Así lo dispuso el juez Jorge Patrizi en el marco de una audiencia de suspensión de juicio a prueba. El imputado manipuló elementos tóxicos para arreglar botes y no tomó las precauciones ni tuvo los cuidados necesarios para preservar el medio ambiente. Además del dinero que deberá aportar, tendrá que sanear el daño que provocó.

Un hombre de 38 años deberá realizar una donación de 150 mil pesos al hospital José María Cullen por utilizar elementos tóxicos para reparar botes y no tomar las precauciones necesarias para proteger el medioambiente.

Así fue resuelto por el juez de la Investigación Contravencional Preparatoria, Jorge Patrizi, en el marco de una audiencia de suspensión de juicio a prueba (también conocida como probation) llevada a cabo en los tribunales de la capital provincial.

El accionar del imputado encuadra en las contravenciones reguladas en el Código de Convivencia de la provincia.
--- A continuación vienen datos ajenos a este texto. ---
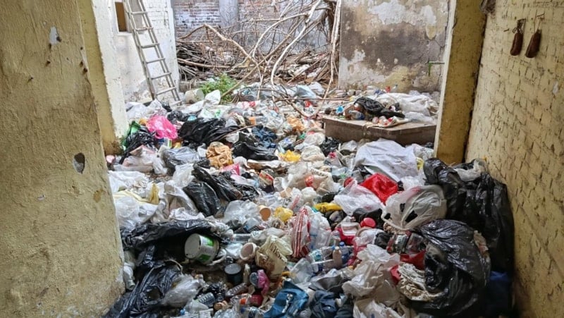 TEK BAŞINA YAŞADIĞI EVDEN 2 KAMYONET DOLUSU ÇÖP ÇIKARILDI

Por esa razón, la fiscal María Laura Martí investigó lo ocurrido.

“Además de la donación económica, el imputado –cuyas iniciales son EJA– deberá cumplir reglas de conducta durante un año, entre las cuales se incluyen asistir a un curso acreditado sobre cuidado ambiental y realizar el saneamiento necesario del daño que generó”, informó la fiscal.

Martí explicó que “si bien las fechas no pudieron precisarse, las contravenciones fueron cometidas al menos hasta el 4 de enero de este año, en inmediaciones de Pasaje Cervantes al 3700”. Al respecto, precisó que “personal de la Municipalidad de Santa Fe y de la división de Delitos Ambientales de la Agencia de Investigación Criminal, realizaron un procedimiento en un inmueble en el que funciona una especie de astillero, que no tenía licencia ni permiso para funcionar”.

En este sentido, la funcionaria del MPA informó que “el imputado manipuló elementos tóxicos para efectuar reparaciones de botes sin tomar las precauciones ni los cuidados pertinentes a la actividad desarrollada, lo cual provocó deterioro y desequilibrio al medio ambiente”.

“La audiencia de suspensión de juicio a prueba fue por la autoría de las contravenciones indicadas en los artículos 57; 61; 135 y 137 del Código de Convivencia de la provincia de Santa Fe: incumplimiento de los mandatos legales, negocios no autorizados o prohibidos, utilización indebida de productos peligrosos y atentados contra los ecosistemas”, concluyó la fiscal.